A week later, the disciples were gathered together again in the same house. Only this time, Thomas was with them. Once again, Jesus came and stood in the midst of his disciples. He greeted them again, saying, “Peace be with you,” before turning and addressing Thomas directly. He said, “Put your finger here and see my hands. Reach out your hand and put it in my side. Do not doubt but believe.” Jesus was touching on Thomas’ belief or lack of belief in the God who had sent Jesus into the world and who was capable of resurrecting not only Jesus, but the entire creation. Jesus’ words, “Do not doubt but believe,” are aimed not only at Thomas, but also at all those who encounter this passage, and are struggling to believe that God is able to do the thing which God has promised—call our world into new and unending, resurrected life.

Thomas responds, saying, “My Lord and my God!”  Jesus responds with all future generations, including us, in mind, saying, “Have you believed because you have seen me?
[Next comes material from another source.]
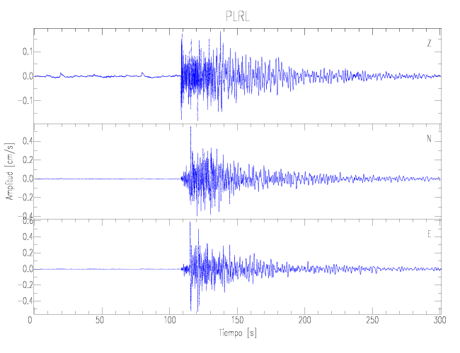 Los registros de velocidad se obtienen de la integración de los datos de aceleración. Esta tabla contiene los valores de velocidad máxima (PGV por sus siglas en inglés) para cada componente en cm/s. Las estaciones se listan en orden alfabético y corresponden a los sitios en que el nivel de aceleración fue superior a los 5 cm/s2.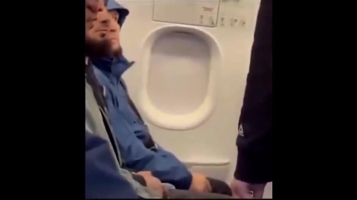 Hostesin kendisine söylediklerine sakince yanıt veren Khabib, buna rağmen uçaktan indirildi ve hostesin ikna olmadığı görüldü.

Blessed are those who have not seen and yet have come to believe.”

We believe not because we have seen his wounds or placed our hands within his side, but because we have seen Christ in the face of another, who has also not seen or touched Christ, but lives their life in such a way that Christ has been made present in our midst.

We, just like the first disciples, seek safety and too often let fear paralyse us, but it is in gathering together that Christ is made known. Jesus continues to stand among his disciples, beckoning us to believe not only in his resurrection but also in our own and in the resurrection of the whole world.
 It is no coincidence that the words conversion and conversation both have the same root. The conversion that Thomas experienced he experienced in community: in conversation. On his own, he had only his doubts for company; in community, he encountered the Living Christ, the same Lord who calls to us today.